A drug that lowers the activity of serotonin and other chemical messengers in the brain may boost the effectiveness of psychological treatments for a severe form of alcoholism, at least over a short time period, a new study finds.
Ondansetron, a medication currently prescribed to quell nausea and vomiting in chemotherapy patients, helps to reduce drinking and foster abstinence among adults who developed alcoholism before age 25, report psychiatrist Bankole A. Johnson of the University of Texas Health Science Center in San Antonio and his colleagues.
“We think we’re dealing with a biological trait that creates a predisposition to early-onset alcoholism and perhaps other addictions,” Johnson says.

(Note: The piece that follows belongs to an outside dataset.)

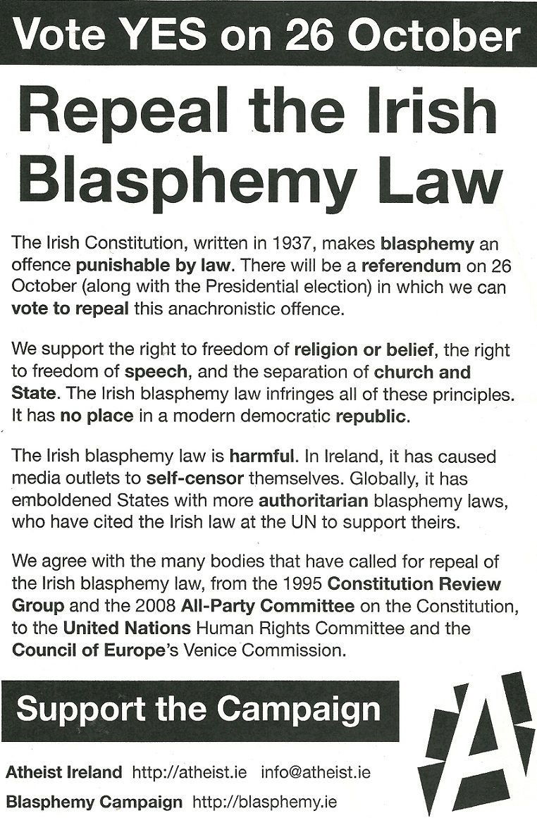 From the forthcoming Divorce REferendum, a Vote No leaflet from The Alliance for the Defence of the Family and Marriage.

The researchers recruited volunteers seeking alcoholism treatment at either of two substance-abuse centers in Texas between 1995 and 1999. A total of 271 participants—many of them middle-age, white men—were assigned at random to receive one of three daily dosages of ondansetron or a placebo pill for 11 weeks. All volunteers also attended weekly group-psychotherapy sessions aimed at teaching them strategies to avoid alcohol use.
About 60 percent of people in each treatment group completed the trial. During the study, alcohol consumption was established through self-reports and chemical analyses of blood and urine. All groups exhibited noticeable drops in alcohol intake by the end of treatment and a greater tendancy to abstain from drinking.
Among the 161 patients with early-onset alcoholism, those who received ondansetron consumed less alcohol and spent more time abstinent than did those who got the placebo, Johnson’s team reports in the Aug. 23/30 Journal of the American Medical Association.
For example, volunteers taking the middle dose of ondansetron spent 70 percent of study days abstinent and imbibed an average of 1 1/2 drinks daily; those in the placebo group were abstinent 50 percent of the days and averaged nearly 3 1/2 drinks daily.
Participants with alcoholism that began later in life exhibited no greater improvement on ondansetron than on the placebo.
Ondansetron blocks the activity of serotonin directly, which leads to reductions in other neurotransmitters, including dopamine. However, the physiological mechanism that creates a disposition to early-onset alcoholism remains unknown.
Henry R. Kranzler, a psychiatrist at the University of Connecticut School of Medicine in Farmington, says the new results herald rapid progress in finding medications that help specific sets of patients with alcoholism.
John S. Searles, a psychologist at the University of Vermont School of Medicine in Burlington, disagrees. He regards ondansetron’s effects on alcohol use as “pretty small and inconclusive” compared with those elicited by group psychotherapy alone. Further research should track patients with early-onset alcoholism who get ondansetron without group psychotherapy, Searles says.
The drug naltrexone, previously reported as promising for treating alcoholism (SN: 11/21/92, p. 341), has yet to make inroads among clinicians.